念能力は能力の情報戦が重要なので、この考え方は相性が良いです。
一方で、GM側の改善点もあります。
観察者の能力条件が少し早めに見えすぎました。
「理解によって姿を得る」というギミックは面白いですが、クロエが推理する余地をもう少し残しても良かったです。
アランの立ち位置が少し説明役寄りでした。
クロエが高い知性・語学力・念能力を持つPCなので、NPCが情報を渡しすぎるより、クロエ自身が情報を引き出す展開の方が向いていました。
戦闘になった場合の難易度調整は必要でした。
クロエは弓術99%、念能力65%、絶・隠・円も使えるので、正面戦闘ならかなり強いPCです。
その分、今回のような「倒すかどうか判断するタイプ」のシナリオの方が能力を活かせると思います。
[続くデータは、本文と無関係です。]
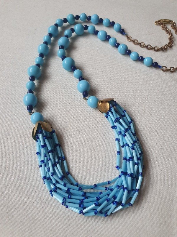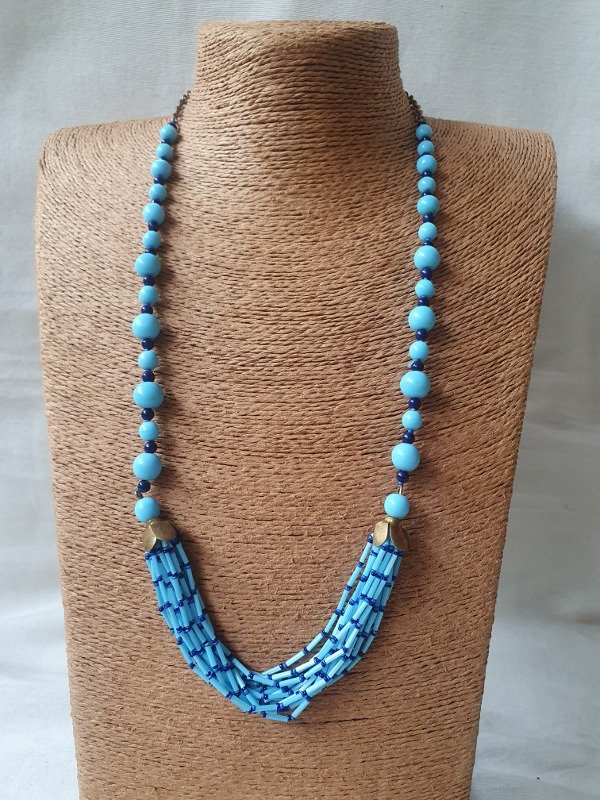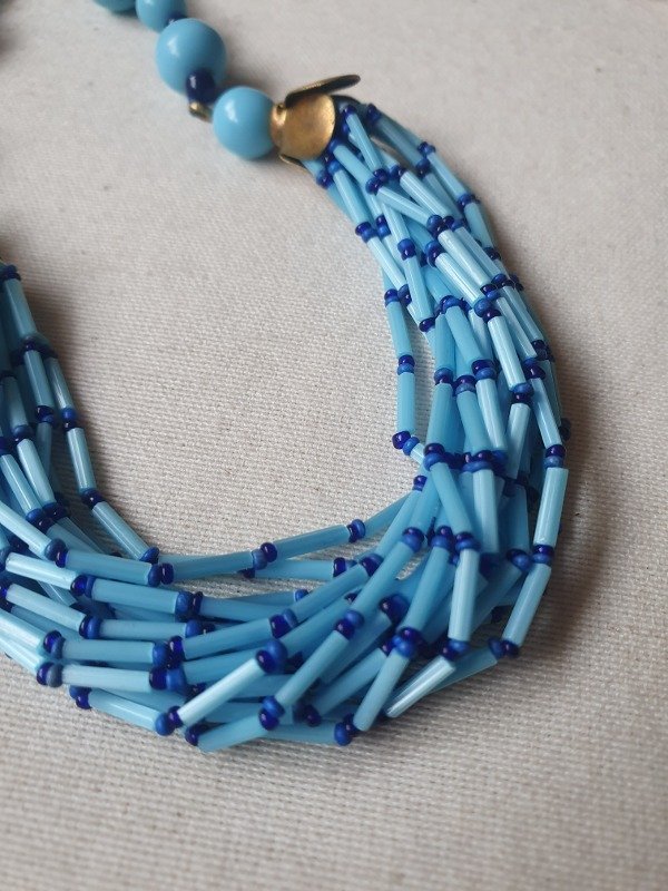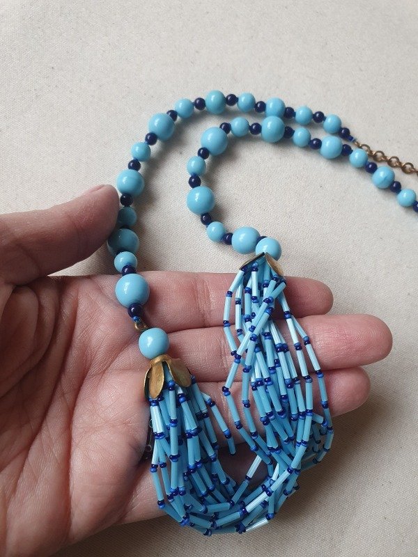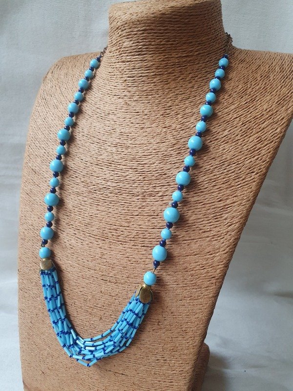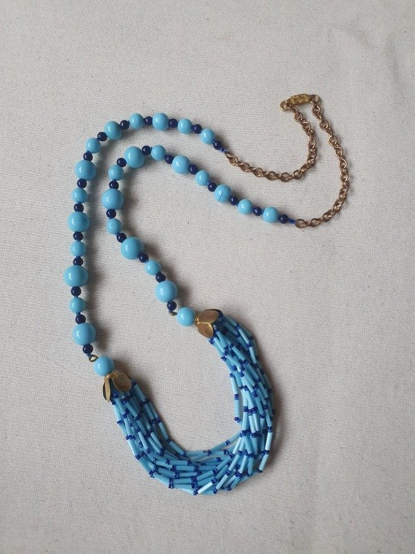 Collar de flapper años 20s-30s, estilo Egyptian revival, realizado con una variedad de cuentas de cristal de perlas de opalina en tonos celestes y azulados, enhebradas en cadena de alambre.
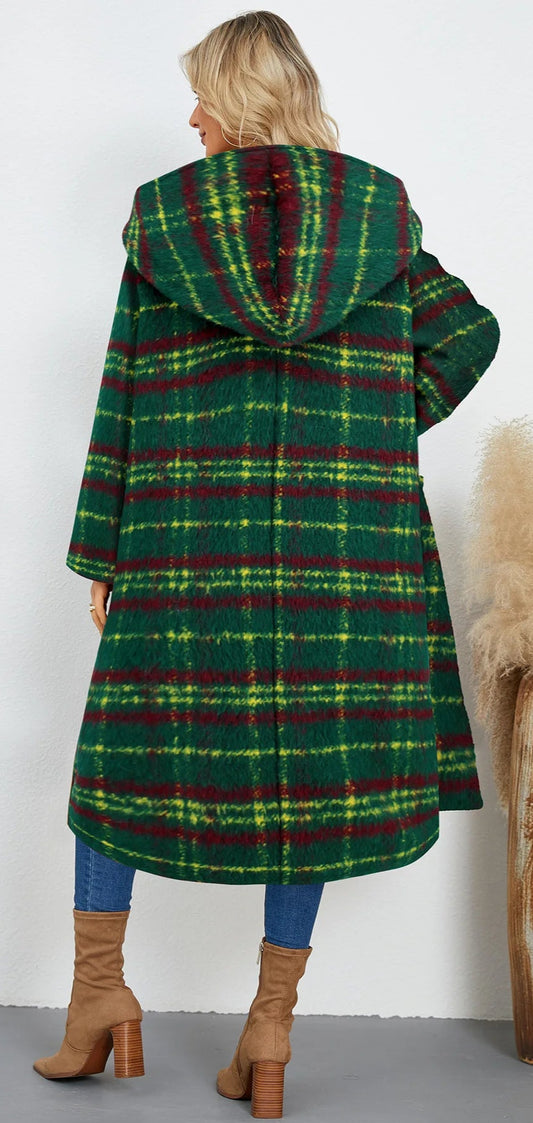 Winter Woolen Coat Plaid Long Coat with Hood
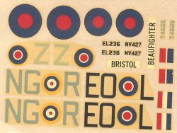 Decals are for three aircraft. One is a Mk I night fighter from 604 Squadron in 1940-41. It is in overall black. Next is a desert camo Mk VI from 227 Sq at Malta in 1942. Finally a coastal command TF.X from 235 squadron in the usual sea colors. Of course, the decals have yellowed quite a bit in the last 30 plus years, but there are several aftermarket sheets for this plane and if you must use the kit decals, a session in the sunlight should bleach out much of that yellow.
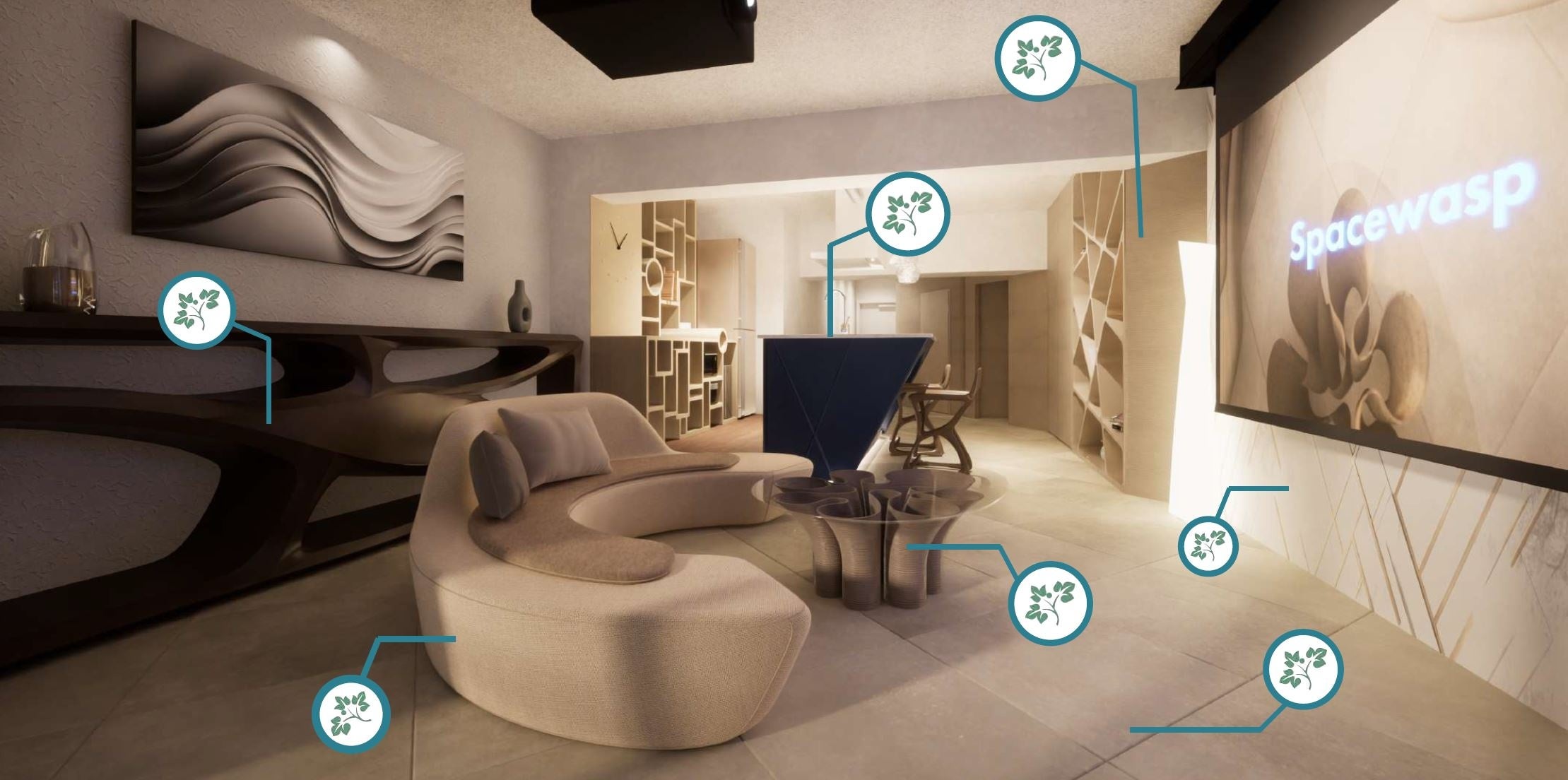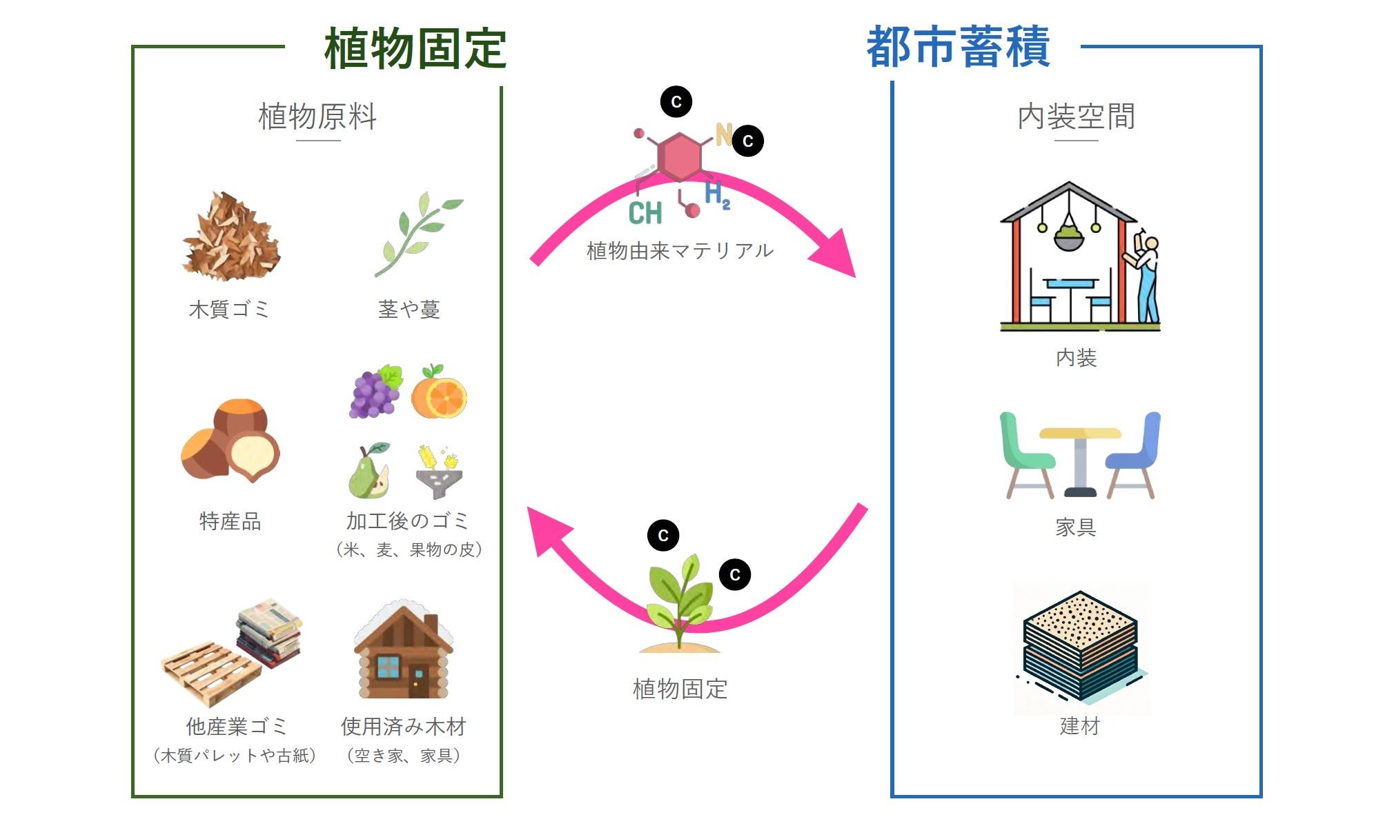 様々な産業から排出される植物廃棄物を原料に植物由来の内装空間(内装、ファニチャー、建材)を構築し、ホテル、カフェ、レストラン、オフィス、アパレル、住宅等、内装空間が事業に必須な事業者に対し、「サステナブルな素材で、いつでも、リーズナブルに、早く、新しいデザインの内装」が作れるサービスを提供します。先端技術を用いたDX(デジタル・トランスフォーメーション)と、サステナブルな素材を用いるSX(サステナビリティ・トランスフォーメーション)を組み合わせることで、新たな空間の購入体験を提供しつつ、スクラップ&ビルドでないサーキュラーな内装空間へ変換することで、サステナブルな未来を加速していきます。

総評としては、クロエは「強い探索者」ではありますが、「力で解決するタイプ」ではなく「観察・分析・交渉で勝つタイプ」として動かせるキャラクターだと感じました。
続けて、PL視点で「ここは意図と違った」「こう動かしたかった」なども聞きたいです。
〈PL〉
GM側が判定無しで情報を出しすぎかなという印象でした、RPやPCの発言で確信に迫る物が無ければ、判定させる方が良いかもしれません。
〈GM〉
その指摘はその通りだと思います。
今回の進行では、クロエの発言や判定成功をきっかけに情報を出すというより、GM側がシナリオの答えをかなり早い段階で開示していました。
具体的には、
「観察者は理解によって姿を得る存在」
「日記帳は扉で、本体ではない」
「アランは案内役」
「観察者は敵意が薄い」
あたりは、本来なら段階的に判明させるべき情報でした。
例えば改善するなら:
「日記帳があなたの本体なのかしら?」
この発言に対して、すぐ答えを出すのではなく、
念能力判定成功
→「日記帳と観察者の間に強い繋がりがある。ただし、完全な本体とは断定できない」
オカルト成功
→「これは死後強まる念というより、特定条件で起動する残留思念に近い」
心理学成功
→「観察者は質問に答えているが、人間的な会話とは少し違う」
のように、PLが推理する材料を渡す方がTRPGらしかったと思います。
また、クロエのようなPCの場合、PL側がかなり論理的に行動しているので、GMが先回りして説明すると「せっかく考えたのに答え合わせをされた」感じになりやすいですね。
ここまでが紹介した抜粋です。